Она вытирает слёзы тыльной стороной руки и кивает. Я целую её и прижимаю к себе, чувствуя, как счастье от того, что я могу быть с ней рядом больше не скрываясь, переполняет моё сердце.
— Я больше никогда тебя не оставлю, Лили.
87
18 месяцев спустя.
Ридли
— Вставай, Барон, нечего разлеживаться, — доносится до меня хриплый голос тюремщика. Он стучит палкой по прутьям решётки, и я открываю глаза. Одинокий луч света прорезает мою крошечную камеру, вместе с Бэйлом возвещая о том, что наступило очередное утро, такое же, как пять сотен предыдущих.
— Какой смысл вставать, — отвечаю я, — если вся радость за день — это видеть твою омерзительную харю, Бэйл?
Он улыбается всеми своими 13-ю зубами и издаёт смешок.
— Извините, ваша светлость, другой хари у меня для вас нет. И, кстати, кушать подано!
Он ставит на пол поднос с едой и пропихивает его в щель под решёткой. Еда пролезет, а человек нет.
— Спасибо, дружище! Неужели опять похлёбка из гнилой пшеницы с крысиными хвостами?
— Сегодня хвосты особенно вкусные, барон! Лично для вас отбирал лучшие!
Он снова издаёт смешок, и я улыбаюсь в ответ. У меня ушло больше полугода, чтобы расположить к себе угрюмого охранника, теперь я бы, наверное, мог назвать себя его другом. За это время я успел узнать всю его жизнь — от самого детства до его нынешних пятидесяти лет. И надо сказать, годы эти прошли не намного лучше, чем моё нынешнее заточение.
— Что слышно на свободе? — спрашиваю я.
— Ничего особенного. Король объявил отбор. Наш монарх наконец хочет жениться, да прославится его светлейшая огнедышащая задница на все времена.
От слова «отбор» меня словно подбрасывает, и я сажусь.
— Отбор? Ты сказал «отбор»?
— Ну… А ты чего подскочил? Аппетит проснулся, барон?
— Что там про отбор? — нетерпеливо говорю я.
— Я же рассказываю. По всему королевству снова рыщут, разыскивая самых пригожих девиц, способных ублажить короля. Священное действо, благословлённое богами, и всё такое. Люди только и трещат об этом без умолку. Вспоминают отбор того князя дракона… как его там звали… забыл.
— Ивар Стормс, — говорю я мрачно.
— Точно, Стормс. Тот самый подохший дракон. Видать, невеста была такая страшная, что он концы-то и отдал.

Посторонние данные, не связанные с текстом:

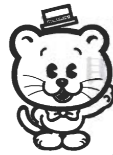
よく確かめて、しっかり投票を

管理委員会に問い合わせてください。投票の順序と、投票用紙を間違えないように気を付けてください。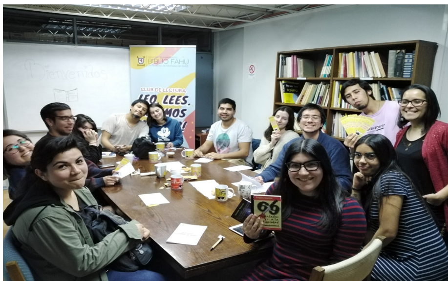
Imagen 7. Tercer ciclo Club de Lectura: Leo. Lees. ¡Leamos al Azar Latinoamérica!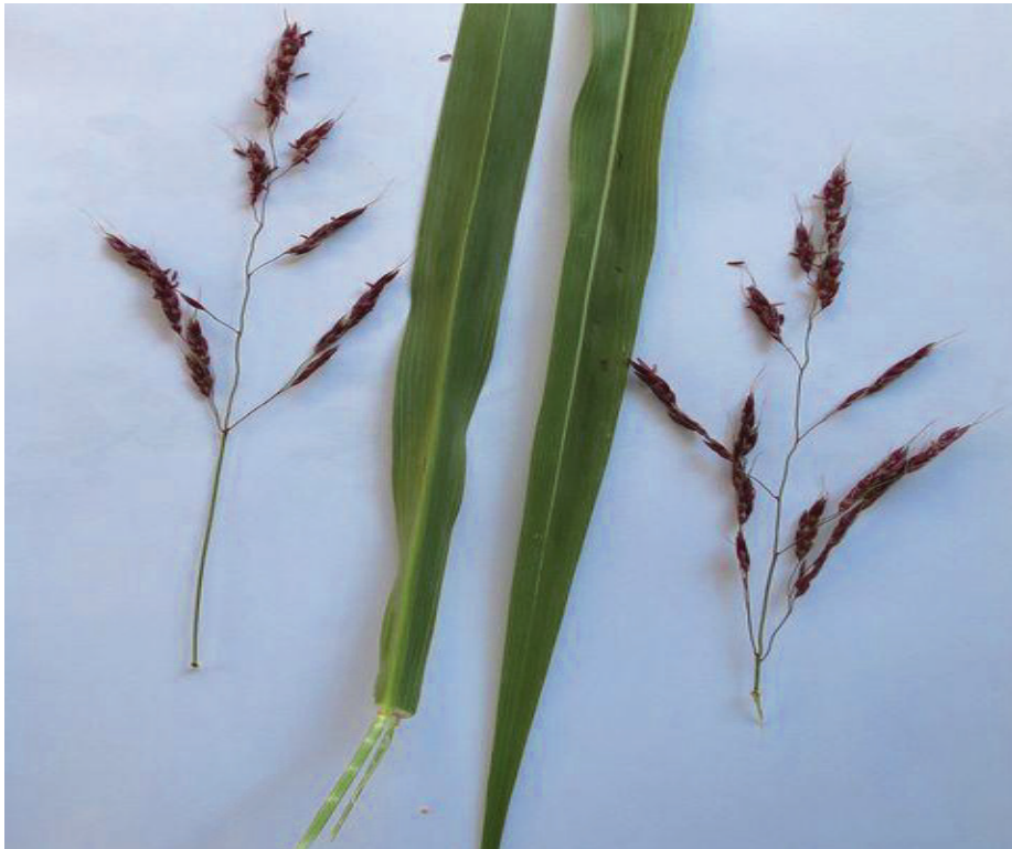
Wilde Mohrenhirse – Marktoberdorf – 26.8.22 – (Johann Bauer)

Ho: 8229/23: Marktoberdorf S, Grünstreifen neben Seeger Str. (Ba 26.8.22)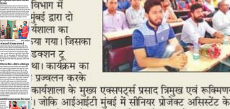
एमआईटी कार्नेम में कार्यशाळा के बाद प्रदर्शकों को सम्मानित करते।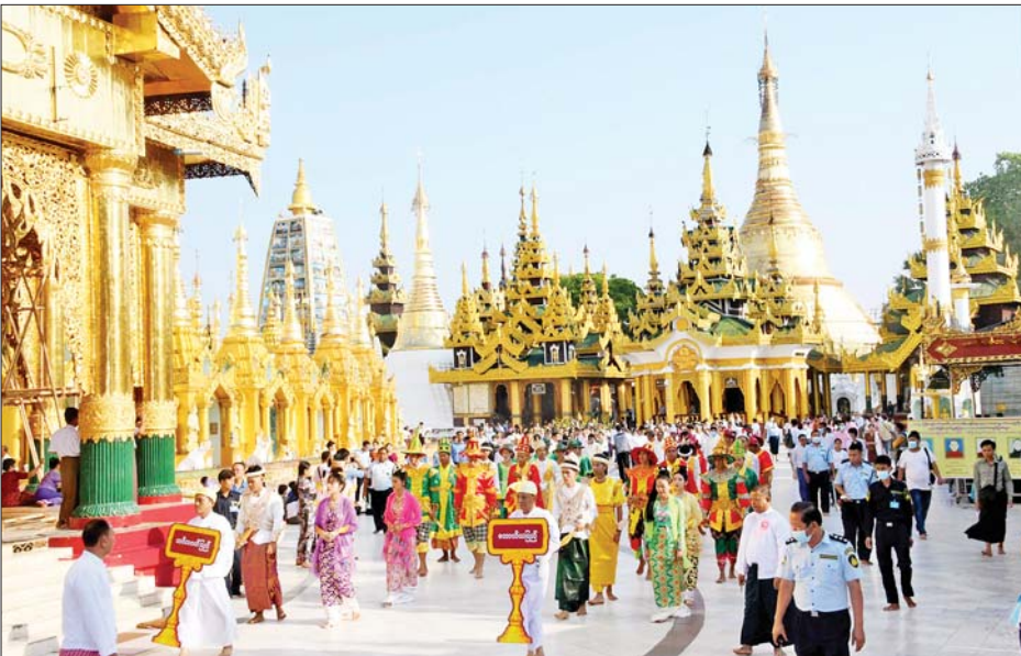
၁၃၈၅ ခုနှစ် နယုန်လပြည့်နေ့(မဟာသမယအခါတော်နေ့) အခမ်းအနား ရွှေတိဂုံစေတီတော်ရင်ပြင်၌ ကျင်းပစဉ်။

ယင်းနောက် နယုန်လပြည့်နေ့(မဟာသမယအခါတော်နေ့) ရေစက်ချပွဲအခမ်းအနားကို ကျင်းပရာ ရွှေတိဂုံစေတီတော်ဘဏ္ဍာတော်ထိန်းဂေါပကအဖွဲ့၊ ဩဝါဒါစရိယ မဟာဝိသုဒ္ဓါရုံတိုက်သစ် ဦးစီးပဓာန နာယက တိပိဋကဓရ တိပိဋကဘဏ္ဍာဂါရိက အဂ္ဂမဟာပဏ္ဍိတ(ယောဆရာတော်)၊ ဘဒ္ဒန္တသီရိန္ဒာ ဘိဝံသထံမှ ဂေါပကအဖွဲ့ဝင်များ၊ ဝန်ထမ်းများနှင့် ဘာသာရေးဝတ်အသင်းအဖွဲ့များက ကိုးပါးသီလ ခံယူဆောက်တည်ကြသည်။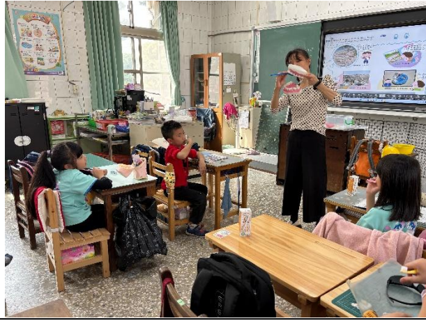
說明：低年級小熊包力刷牙記繪本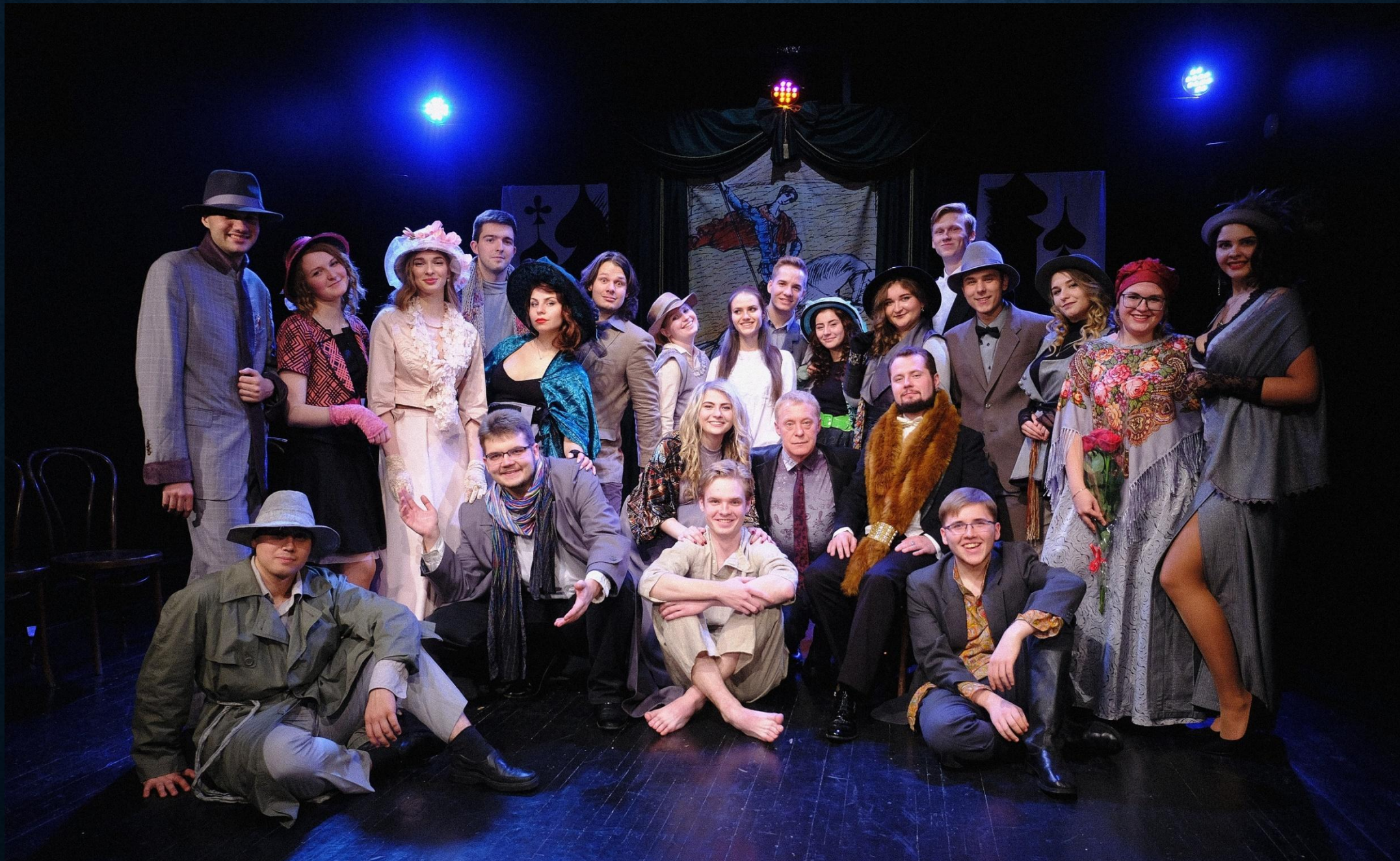
«Чацкий. Возвращение в Москву», Санкт-Петербург, 27 октября 2019г.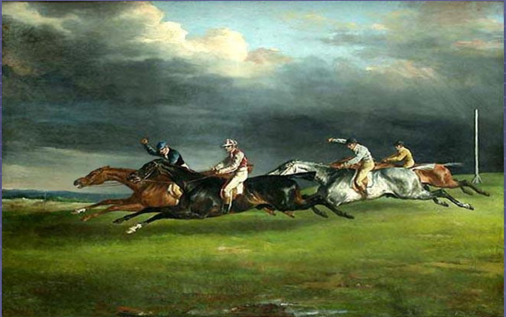
"Дерби 1821 года в Эпсоме» 1821, Лувр, Париж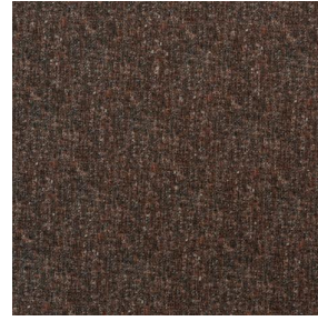
FUZ Acajou 150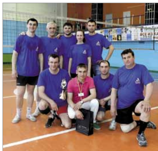
I место – шахта «Юбилейная»

В середине мая в СК «Родник» прошли соревнования по волейболу среди команд предприятий Холдинга «ТопПром».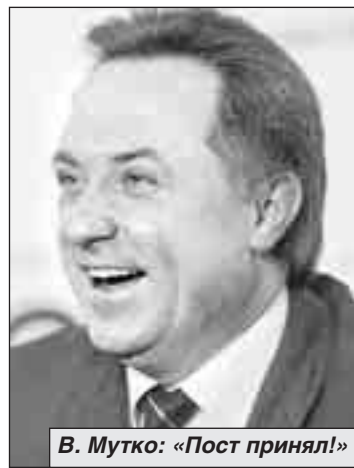
В. Мутко: «Пост принял!»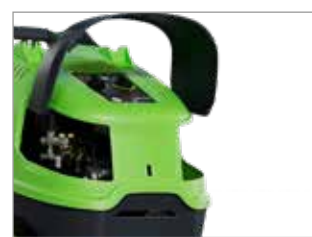
FACILE ACCESSO PER LA MANUTENZIONE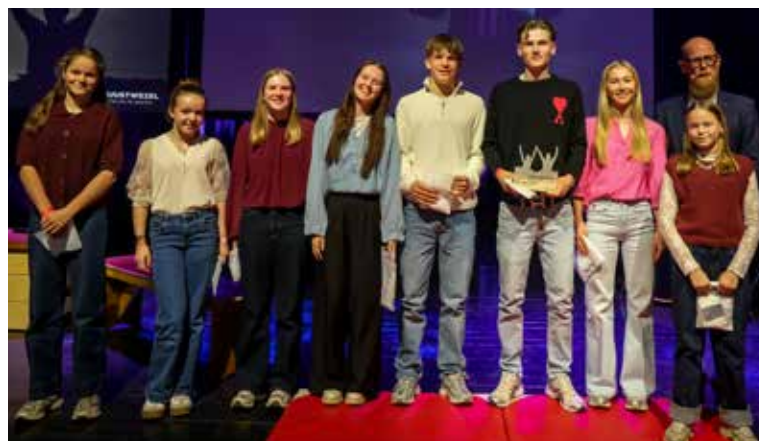
© wezelopdefoto; bekijk de hele fotoreportage met prachtige beelden op www.wezelopdefoto.be .

Het lokaal bestuur en de sportraad danken ook de vele partners en vrijwilligers die het Sportgala mogelijk maakten, waaronder Berkenbeek voor de hapjes tijdens de receptie, Wezelopdefoto voor de fotografie van de avond, Snow and Event Service voor de technische ondersteuning, Kolibrerie Creaties voor de trofeeën en Wuustwezel Cycling voor de sportsokken die werden uitgedeeld als aandenken.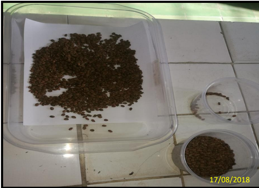
PESO DE SEMILLAS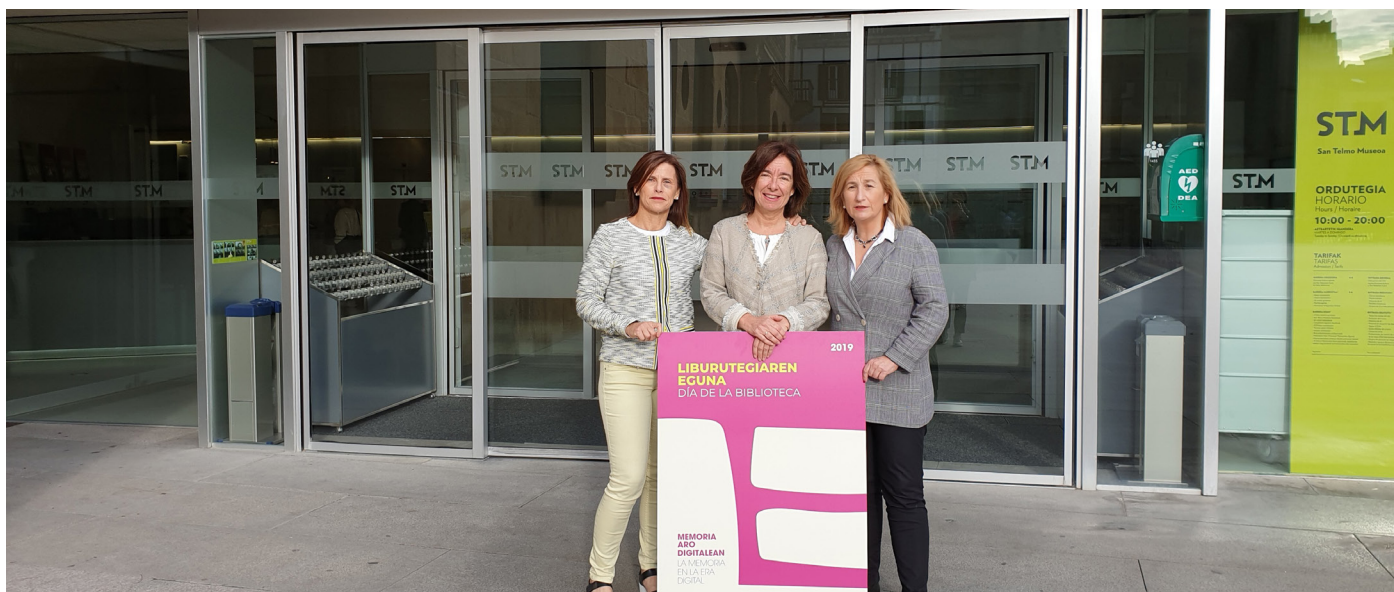
Liburutegiaren Eguna, presentación

continuó su andadura con el wikiproyecto Literatura infantil en euskera y el wikiproyecto liburuzainak . La metodología cambió y actualmente es necesaria una revisión del proyecto.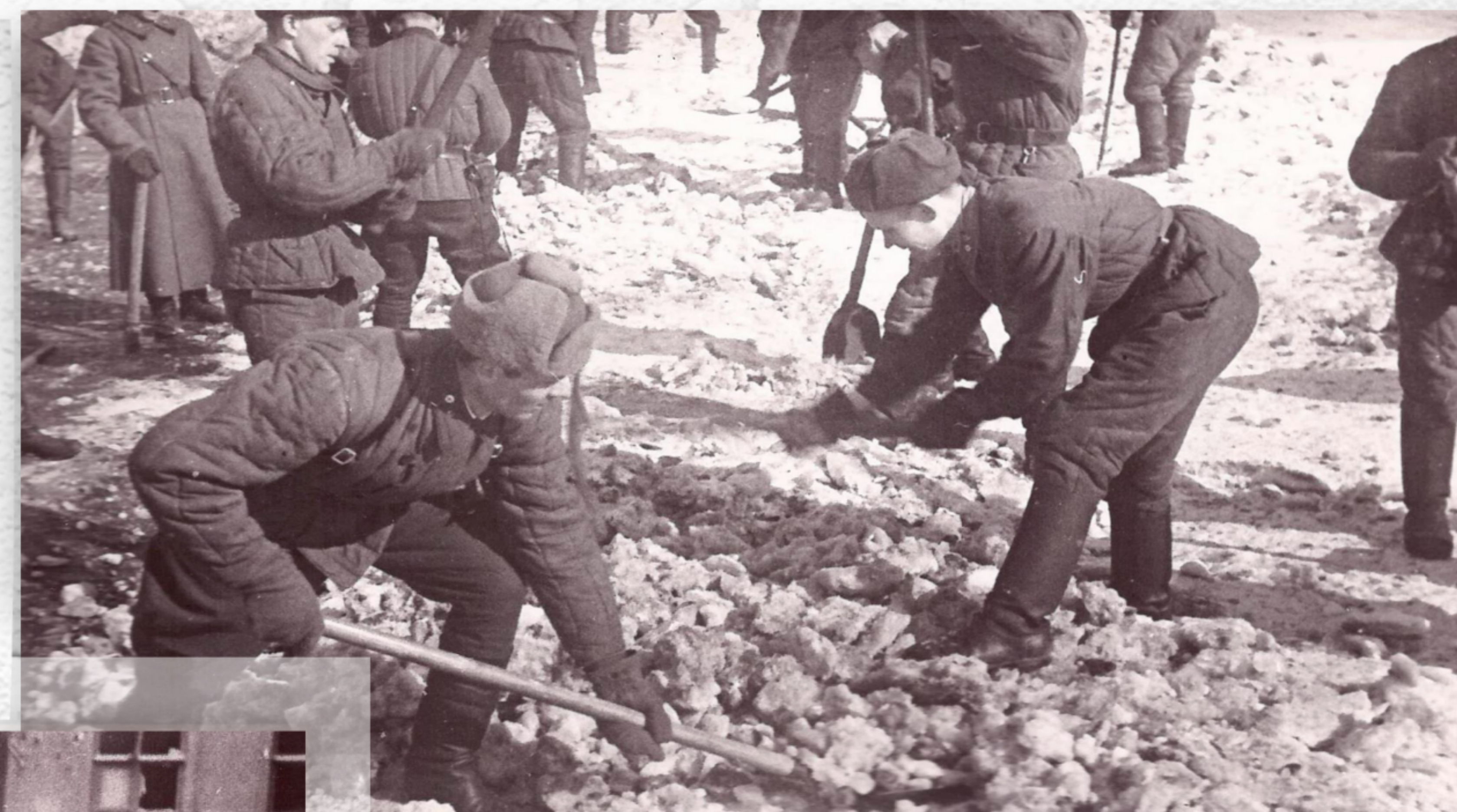
Воины Ленинградского гарнизона на работах по очистке города от снега и льда (весна 1942 г.)

Бэйл гогочет, но, видя, что я не улыбаюсь и не поддерживаю его шутку, как обычно, он перестаёт смеяться.
— А чего такое?
— Ничего, — говорю я и снова ложусь, глядя на луч света, прорезающий мою камеру. — Не завидую я девицам, которые попадут на этот отбор.
— Это ещё почему?
— В прошлый раз многие погибли.
— Но победительница-то получила куш! — с восторгом говорит он. — Девчонка из захолустья получила замок и несметные деньжищи. Таких, клянусь, даже у тебя не было, барон, хоть ты и рассказываешь, что был богат как ростовщик. Подумаешь, жених не дожил до свадьбы, а денежки-то всё равно ей достались.
— Ты откуда знаешь? — с трудом скрывая дрожь в голосе, спрашиваю я.
— Это все знают. Правда, потом она, говорят, пропала куда-то. Съехала из замка своего, все денежки забрала — и так её и видали. Шустрая девчонка.
— А что с детьми?
— Какими детьми? — непонимающе спрашивает Бэйл.
— Не важно, — задумчиво говорю я.
И чего я так разволновался? Мне сидеть в этой камере до конца моих дней, я больше никогда не увижу лиц своих друзей, не обниму родителей, не смогу жениться и взять на руки своего ребёнка. Буду гнить тут, пока не сдохну.
Впервые за всё время на меня накатывает что-то похожее на отчаяние. Что, если бы тогда я поступил иначе? Что, если бы смолчал, как все остальные?
Ничего бы не случилось. Я бы просто вернулся домой и убил сам себя за трусость и низость. Я всё сделал правильно. Но как же горько осознавать, что на этом моя жизнь закончена…
Когда тюремщик понимает, что я не настроен разговаривать, он уходит, и я слышу привычный лязг запираемой внешней двери.
Я встаю и без аппетита съедаю черствый хлеб и размоченную в воде солонину. Конечно, никакими крысиными хвостами меня не кормят, но и это не намного лучше.
Подхожу к крошечному окошку и выглядываю наружу. Всё, что я могу видеть, — это край башни, скалистый обрыв и полоску моря под ним. Сейчас должна проплыть лодка Бэйла. И верно, как обычно, я точно рассчитал время. Несколько мгновений я вижу лодку, а потом она исчезает из виду.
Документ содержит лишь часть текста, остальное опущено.